My favorite interaction was in a wine bar down the block from our apartment. My husband and I went out for a quiet glass of wine, and my entire, though utterly brief, conversation with the waiter was in French. We belonged. We fit in. We were not looked at as outsiders, nor did we look at these folks that we could barely communicate with as different from us. We sipped our wine mostly in silence and enjoyed the surroundings and the bustling restaurant filled with conversations that we knew nothing about, but we were happy and content.The same was true when we found a hidden cafe for lunch off in an alleyway, sitting quietly and observing all that was around. After placing our order, we sat quietly to ourselves sipping the accidental half carafe of wine that was supposed to be two glasses (we really weren’t complaining by the way), when a French woman one table over started speaking to us. I politely told her (in my limited French) that we didn’t speak French. She (in her limited English) politely asked if we would mind if she smoked. Neither party was annoyed at the other for not knowing their language. We were just fellow citizens enjoying the same lunch spot, who worked with what we had to communicate with each other.

As someone who, prior to this travel awakening in my life, hadn’t gone many places and hadn’t met many other people, this trip changed my life. It changed my initial view, and every other trip I have had the opportunity to take continues to shape and mold how I think about others, the world and myself. All I want to do is to go experience other people and cultures and eat delicious food while doing so. The Europe trip (with other countries visited besides France), awakened a desire to go far and try hard and dig into the culture other people and places. Because it changes you. It enlightens you. It teaches you. It calms you and stirs an unquenchable thirst for adventure at the very same time.
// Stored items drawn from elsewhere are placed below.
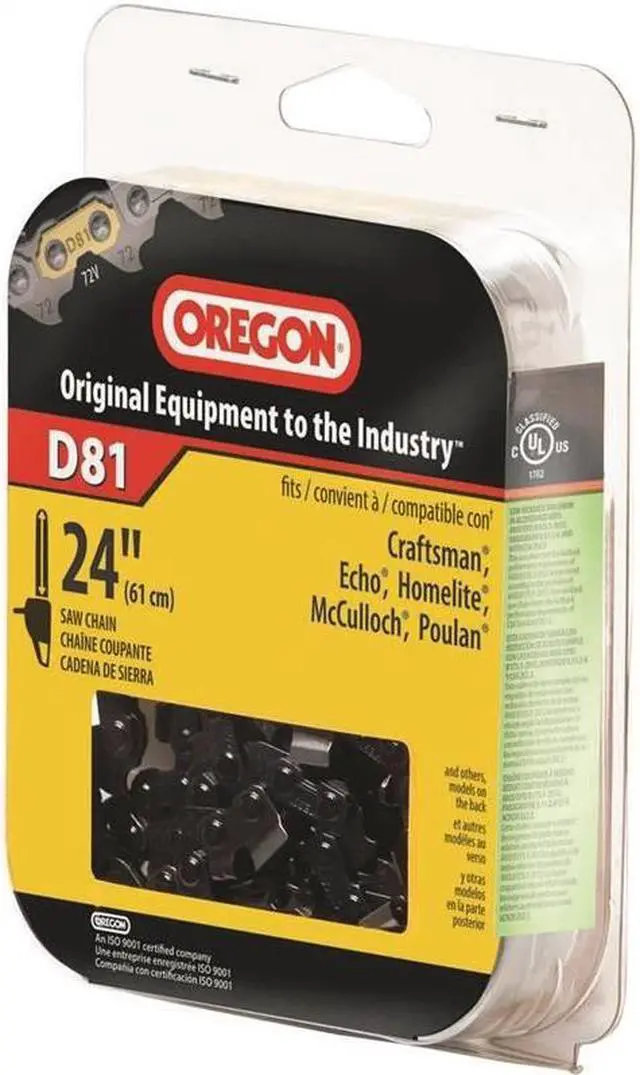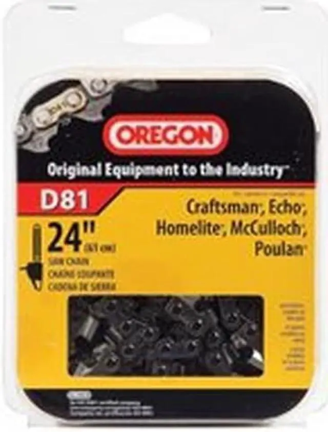 Features:Semi chisel chain features top performing Chamfer Chisel cutters and a notched bumberdrive link for low kickback performance, good chip flow, and a smooth cutting actionTwin corners of the cutters deliver superior performance on the many popular saws which use low profile 3/8-inch pitch chainAlso features four way symmetrical tie straps which simplifies the joining of chain loopsFits chainsaws made by: McCulloch, Makita, Troy-Bilt, and Wen/Wagner24 inch length What's In The Box:Oregon Cutting Systems D81 24-Inch Chainsaw Replacement Chain
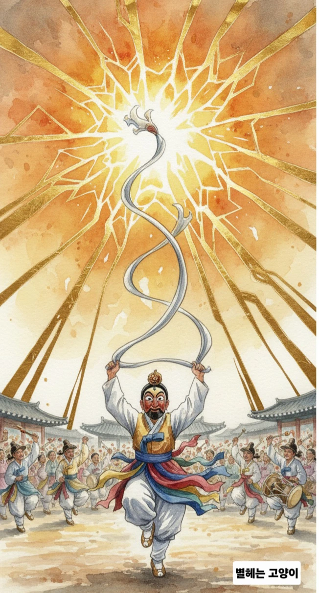 꽹과리 따라, 손끝 긴 장수건 , 하늘이 한껏 열리네.
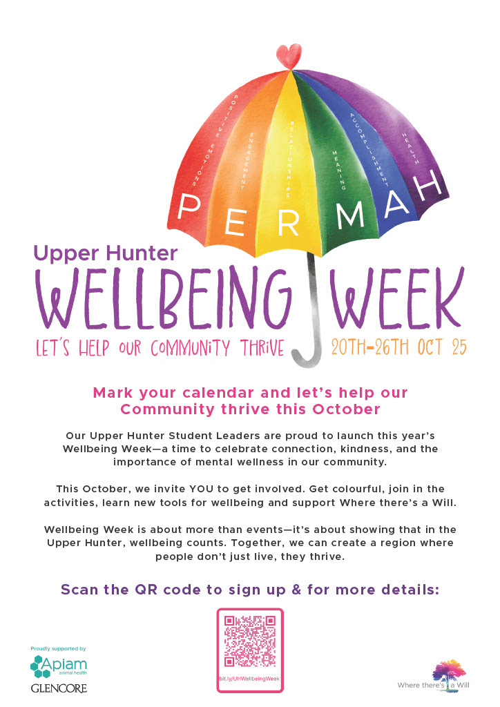 Our Upper Hunter Student Leaders are proud to launch this year’s Wellbeing Week—a time to celebrate connection, kindness, and the importance of mental wellness in our community.

The bottom line and the lesson I learned on this trip – respect. People fear what they do not know and they judge that which is different from them. But everyone wants to be respected. And I’ve found that respect and love and joy in interaction with those who are different from (and yet, shockingly, the same as) you go a long way and usher you into some amazing interactions and experiences. My final appeal: go and live life. Live through the experience, learn from those that are different than you, and travel whenever you get the chance – it could surprise you.